Your objective: One exact copy of the listing, minus the images, is the required answer.

Given data:

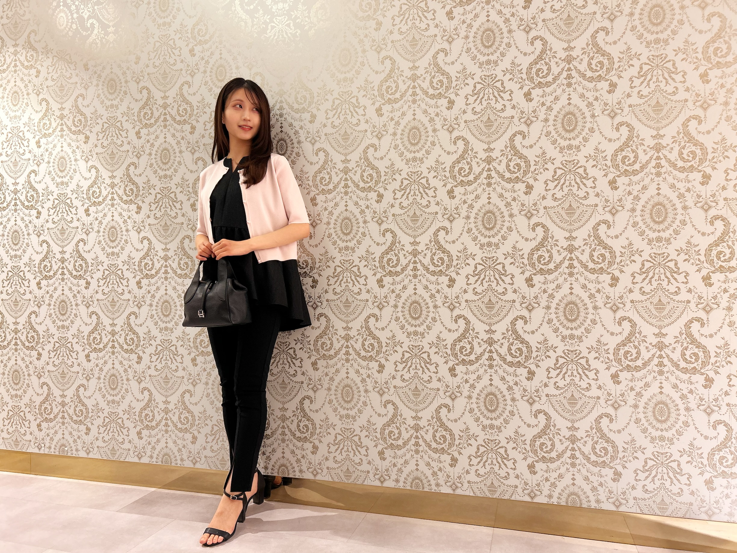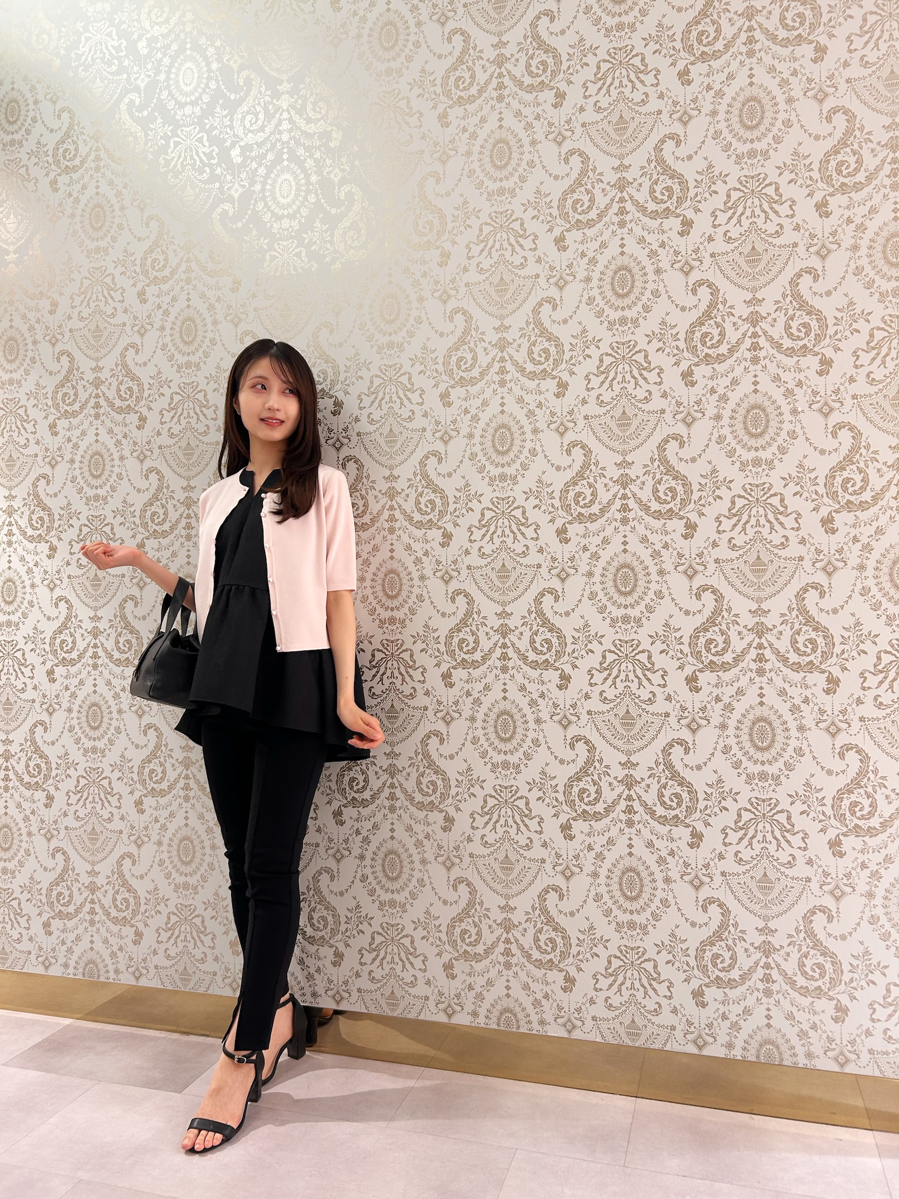 春色ピンクを添えた、華やぎペプラムスタイル@ジェイアール名古屋高島屋店
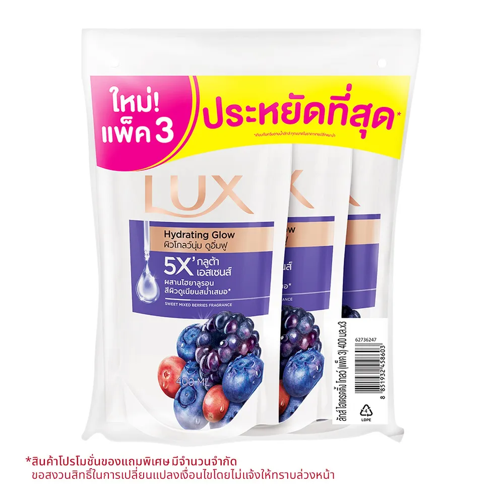 ลักส์ ครีมอาบน้ำ ไฮเดรตติ้ง โกลว์ มิกซ์เบอร์รี่ ถุงเติม 400 มล. แพ็ค 3
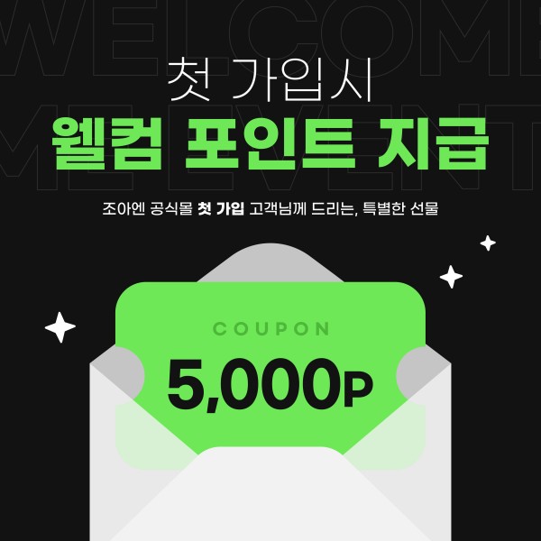 공지사항 조아엔 공식몰 첫 가입 시, 웰컴 포인트 5,000P 즉시 지급!

Exercise response:
 春色ピンクを添えた、華やぎペプラムスタイル@ジェイアール名古屋高島屋店
 ลักส์ ครีมอาบน้ำ ไฮเดรตติ้ง โกลว์ มิกซ์เบอร์รี่ ถุงเติม 400 มล. แพ็ค 3
 공지사항 조아엔 공식몰 첫 가입 시, 웰컴 포인트 5,000P 즉시 지급!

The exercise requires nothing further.